Intervenção abrangente de crises em emergências psicodélicas


Autor: Stanislav Grof
Tradução: Fernando Beserra
Tendo discutido os fatores que contribuem para o desenvolvimento de
emergências em sessões não supervisionadas de LSD e descrito as práticas danosas que
caracterizam muitas intervenções legais e profissionais, eu gostaria de delinear o que
considero a abordagem ideal a crises psicodélicas, baseado no entendimento de suas
dinâmicas. O que constitui uma emergência em uma sessão de LSD é altamente relativo
e depende de uma variedade de fatores. Isso reflete em uma interação entre os próprios
sentimentos do sujeito sobre a experiência, as opiniões e tolerância das pessoas presentes
e o julgamento dos profissionais chamados para oferecer ajuda. Este último fator é de
importância decisiva; ele depende do grau de entendimento do terapeuta quanto ao
processo envolvido, sua experiência clínica com estados incomuns de consciência e sua
liberdade de ansiedade. Na intervenção em uma crise psicodélica, como na prática
psiquiátrica em geral, medidas drásticas frequentemente refletem o sentimento de medo
e insegurança do cuidador, mas também a relação com o seu próprio inconsciente. A
experiência da terapia com LSD e as novas psicoterapias experienciais claramente
indicam que a exposição aos materiais emocionais profundos de outra pessoa tendem a
quebrar as defesas psicológicas e ativar as áreas correspondentes no inconsciente da
pessoa que cuida e testemunha o processo, ao menos que eles tenham se confrontado e
trabalhado através destes níveis neles mesmos. Desde que as psicoterapias tradicionais
são limitadas ao trabalho em material biográfico, mesmo um profissional com
treinamento completo em análise é inadequadamente preparado para lidar com as
experiências poderosas de natureza perinatal e transpessoal. A tendência prevalente a
colocar todas estas experiências na categoria de esquizofrenia e suprimi-las a todo custo
reflete não apenas a falta de entendimento, mas também uma autodefesa conveniente
contra o material do seu próprio inconsciente.

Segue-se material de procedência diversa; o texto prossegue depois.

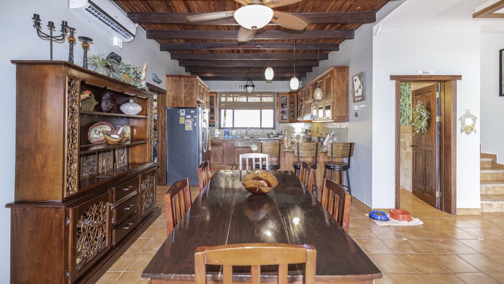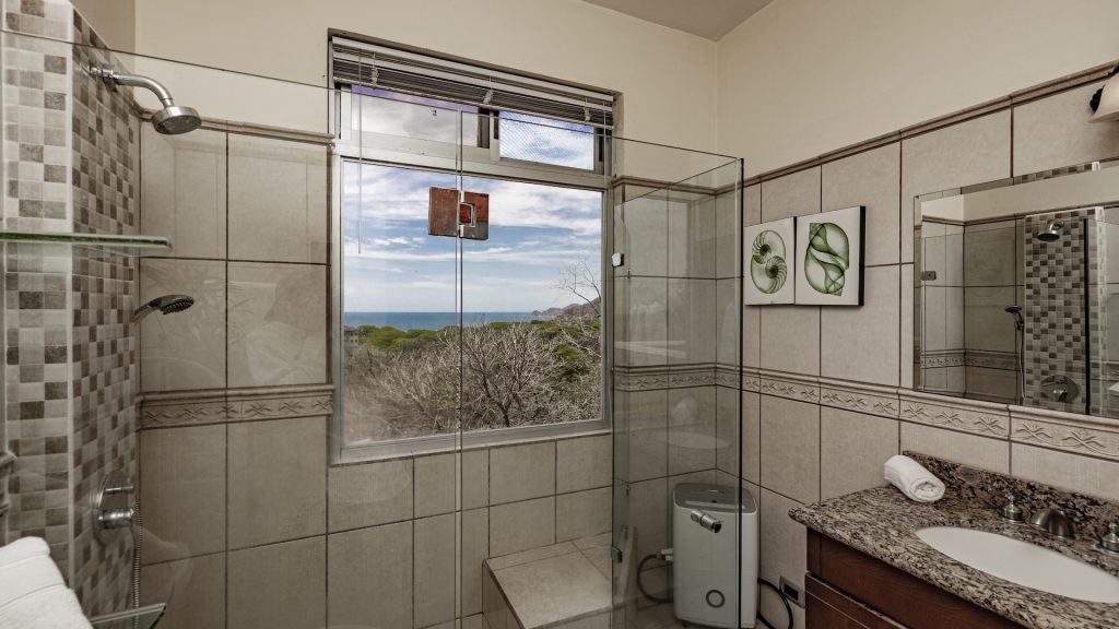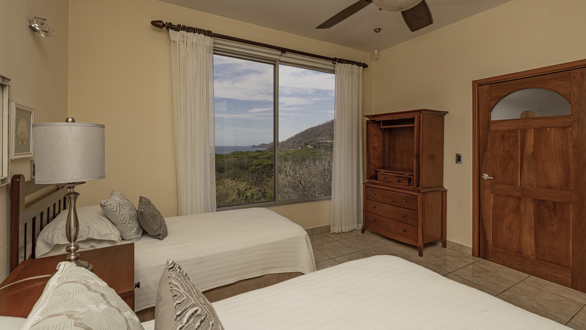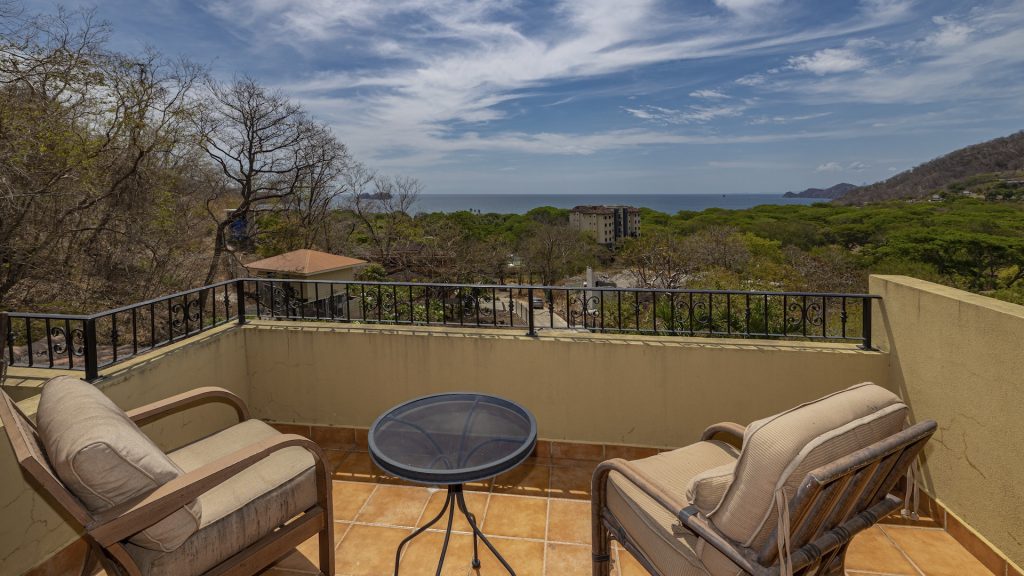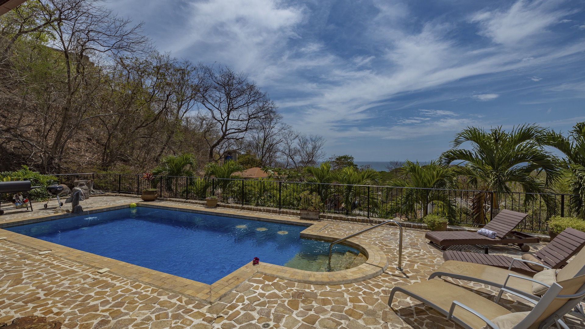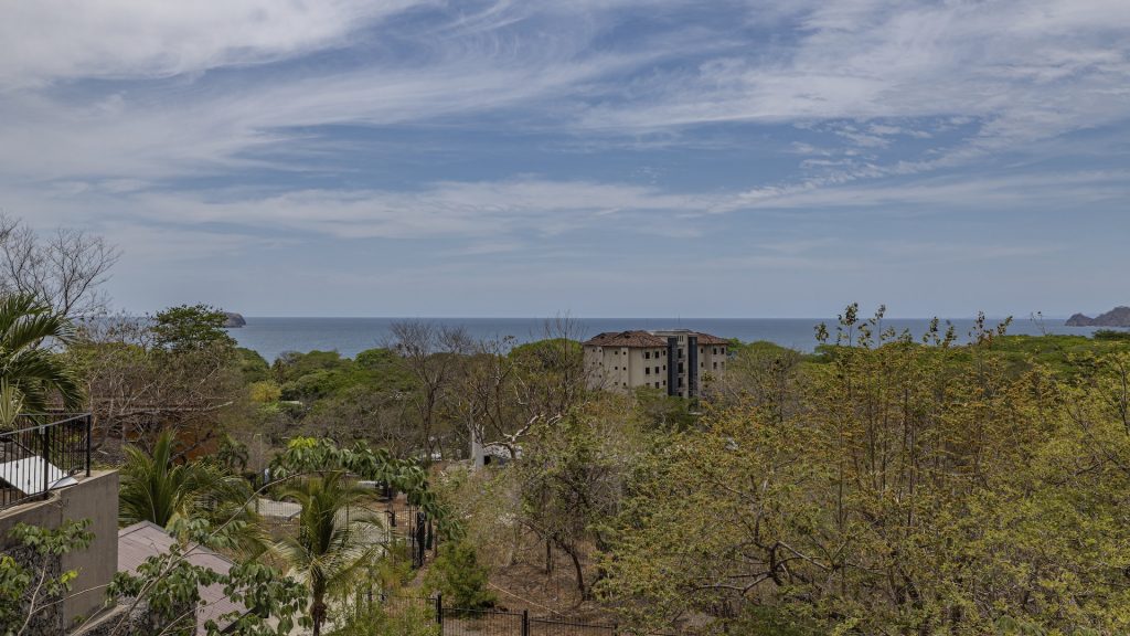 Two – 3 Bedroom, 3 Bathroom Ocean View Homes With Huge Terraces and 2 Pools. These two furnished ocean view homes comprise a one of a kind property with over an acre (4,586 Square Meters) of fully fenced and gated land surrounded by upscale ocean view home developments. Enjoy the cache of the neighborhood but not be tied to an HOA payment or rules. A short driveway leads up to the parking area in back of the two separate homes with the guest house and garage down below. Each home measures approximately 2,100 square feet for a total of 5,200 square feet and each has an attached carport and plenty overflow parking. Both houses have the same layout with different finishes and feature the living room, dining area and kitchen on the main floor along with a bedroom and ensuite bathroom, a nicely sized laundry room and half bathroom. Both feature large ocean view terraces and luxury sized pools. The second floor is the same layout as well with 2 bedrooms and 2 full bathrooms and walk out ocean view terraces from the master bedrooms. There is a full guest house or caretakers quarters down below with a full kitchen and living area, a bedroom and bathroom. This property is perfect for a vacation rental juggernaut or ideal as a family compound. Right between the upscale developments of Palo Alto and Monte Bello. A short drive to Playa Hermosa Beach and just 20 minutes to the Liberia International Airport and just minutes to various beaches, private hospitals, all services, restaurants, nightlife and watersports of the area. Move in Today
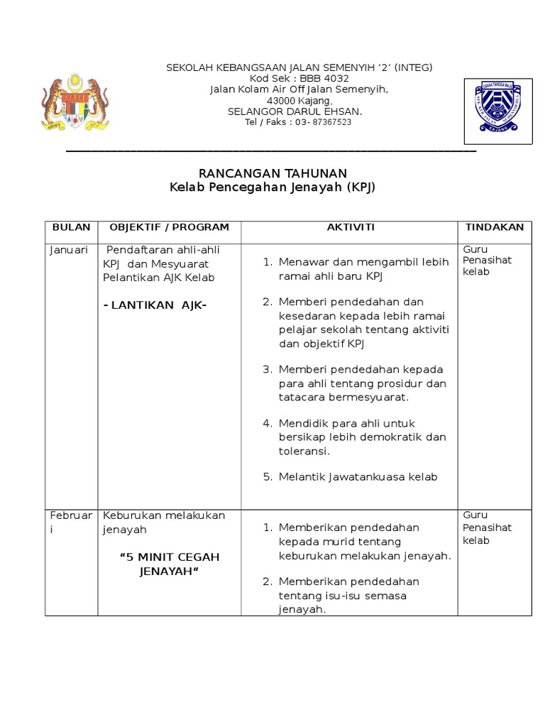 Rancangan Tahunan Kelab Pencegahan Jenayah Pdf

Na medida em que aumentou a sofisticação e experiência clínica de terapeutas que
trabalham com LSD, se tornou mais evidente que episódios negativos nas sessões
psicodélicas não deveriam ser vistos como acidentes imprevisíveis, mas aspectos
intrínsecos e legítimos do trabalho terapêutico com o material traumático inconsciente.
Deste ponto de vista o termo coloquial “bummer” ou “bad trip” (viagem ruim) não faz
Texto publicado originalmente em 2020 no site Mundo Cogumelo.

sentido. Para um terapeuta que trabalha com LSD uma sessão psicodélica mal sucedida
não é uma na qual o sujeito experimenta a ansiedade do pânico, tendências
autodestrutivas, culpa abismal, perda de controle ou sensações de dificuldade física. Se
propriamente manejadas, uma sessão dolorosa ou difícil com LSD pode trazer uma
importante revelação terapêutica. Ela pode facilitar a resolução de problemas que
atormentaram o sujeito de formas sutis por muitos anos e contaminaram sua vida
cotidiana. Uma sessão mal sucedida, entretanto, é uma na qual, quando os sentimentos de
dificuldade começam a emergir, o sujeito não se rende completamente ao processo e a
Gestalt permanece não solucionada. Deste ponto de vista, todas as experiências
psicodélicas nas quais o processo é frustrado pela administração de tranquilizantes e
distrações externas como a transferência para um hospital psiquiátrico não são falhas por
consequência da natureza do processo psicológico envolvido, mas porque o manejo da
crise interferiu com uma resolução positiva.
Embora o LSD possa induzir experiências psicodélicas difíceis mesmo sob as
melhores circunstâncias, seria um erro atribuir todas as “bad trips” a própria substância.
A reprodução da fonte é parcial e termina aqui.